The Los Angeles County Fire Department (LACoFD) provides firefighting and emergency medical services for the unincorporated parts of Los Angeles County, California, as well as 59 cities through contracting, including the city of La Habra which is located in Orange County and is the first city outside of Los Angeles County to contract with LACoFD.

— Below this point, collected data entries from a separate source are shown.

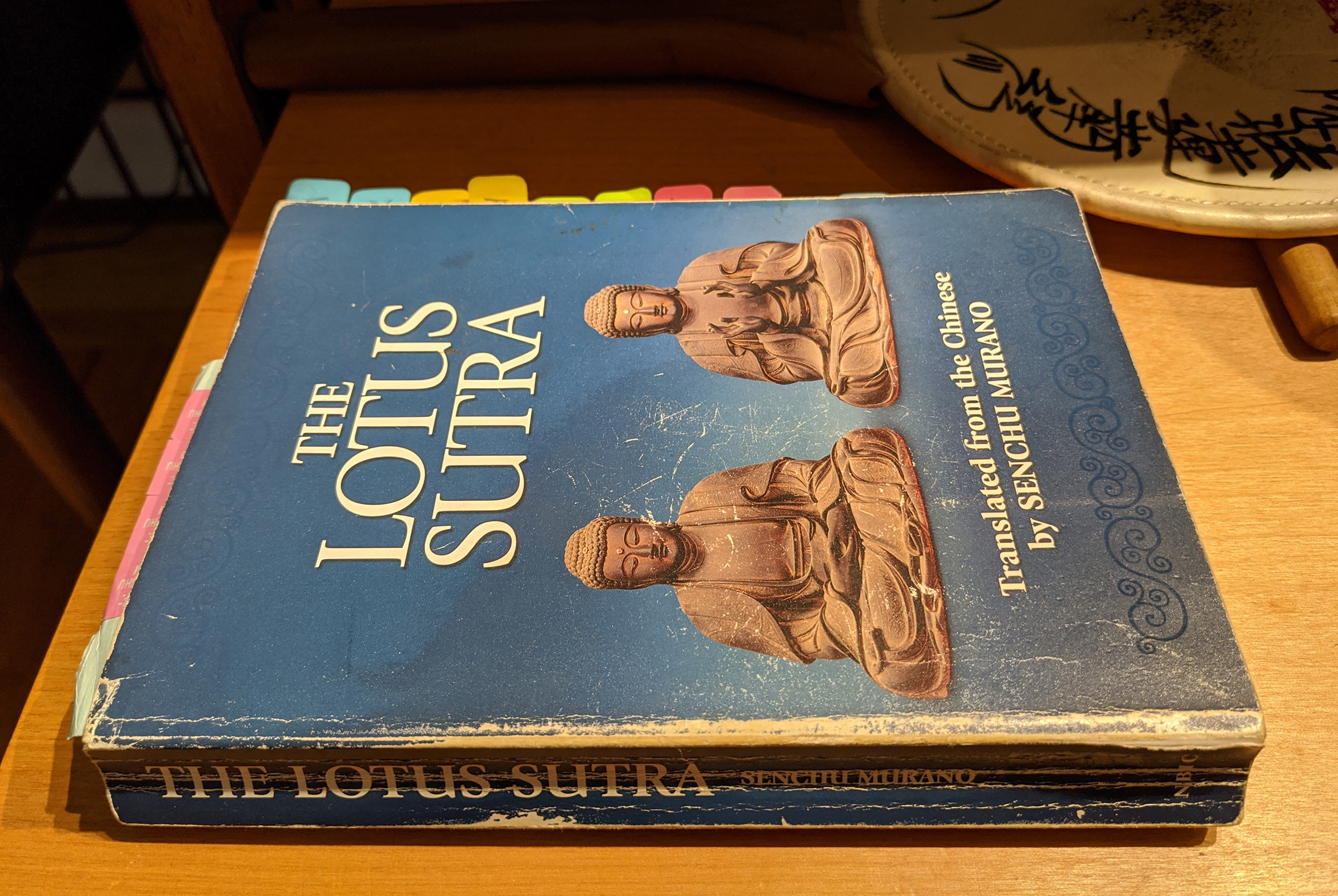 For this evening’s service I welcomed an old friend, my Senchu Murano translation of the Lotus Sutra. For the past 10 cycles through my 32 Days of the Lotus Sutra practice I have been working my way through all of the English translations of Kumarajiva’s Chinese translation of the Lotus Sutra, beginning with “The Scripture of the Lotus Blossom of the Fine Dharma,” the translation of the Lotus Sutra made by Leon Hurvitz, and concluding with Burton Watson’s translation for Soka Gakkai. I suspect that Rissho Kosei-kai’s translation, “The Threefold Lotus Sutra: A Modern Translation for Contemporary Readers,” which was published in 2019, will become the modern standard. The Nichiren Shu Buddhist Sangha of the San Francisco Bay Area intends to use this translation rather than Murano’s for its service booklet. Personally, I’m not convinced that the translators’ aggressive effort to remove gender bias is beneficial. I wrote about this in a January blog post.
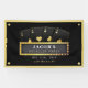 Bannière de fête d'enterrement de vie de garçon sur le thème du poker noir et or avec quatre as et un panneau à lettres. Personnalisez-le avec les détails de l'événement du marié.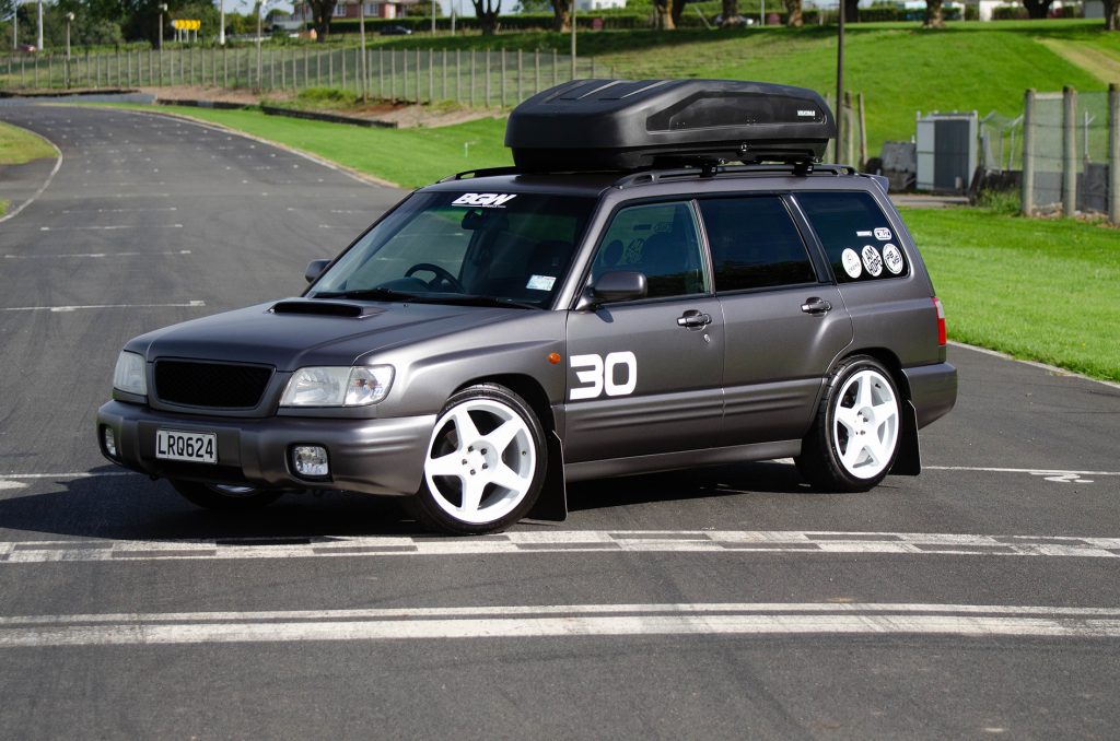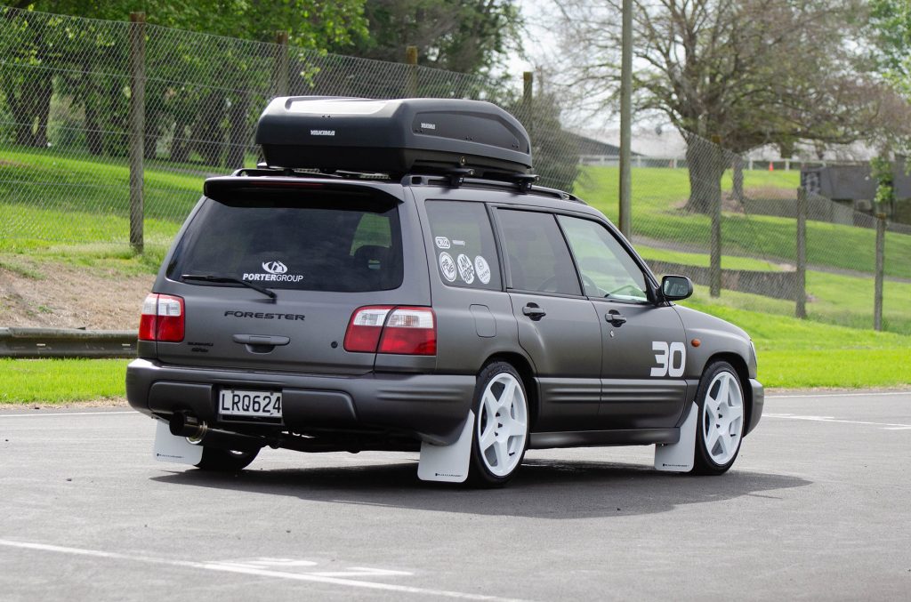 To make the Forester look smart, brand new wheels and semi-slick tyres have been supplied by BG World Wheels, Kartboy short shifter, a cool shift knob from Naughty Knobs NZ, Cruz roof racks and a Yakima roof box donated and professionally fitted by Roof Racks NZ, and the car has been completely wrapped in satin dark grey.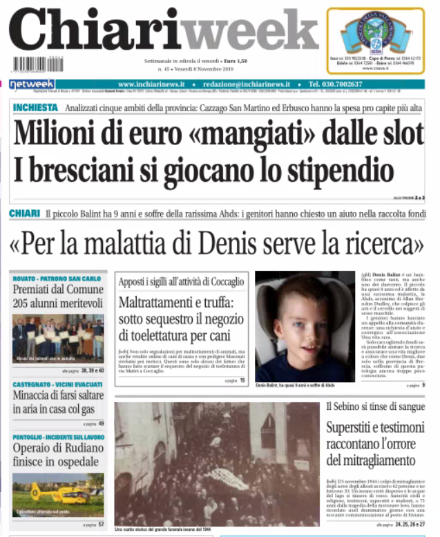 Da non perdere l’inchiesta con Rete AlternAttiva: milioni di euro «mangiati» dalle slot. Un servizio su quanto i bresciani spendono nel gioco d’azzardo e… si giocano lo stipendio. A Chiari invece, i genitori di Denis Balint hanno lanciato un appello. Il piccolo soffre di Ahds, una malattia ultra rara e servono fondi per la ricerca. Di questo si occupa l’associazione Una vita rara.

 the department is responsible for just over 4 million residents spread out in over 1.2 million housing units across an area of . The department is commanded by Chief Anthony C. Marrone and has an annual budget of $1.4 Billion. According to Firehouse magazine, the LACoFD is the fourth busiest department in the United States, behind New York City Fire Department, Chicago Fire Department, and Los Angeles City Fire Department. The department responded to 394,585 calls for service in 2017. The LACoFD has been featured several times in popular culture, including the 1970s NBC TV series Emergency! and the 1950s TV series Rescue 8.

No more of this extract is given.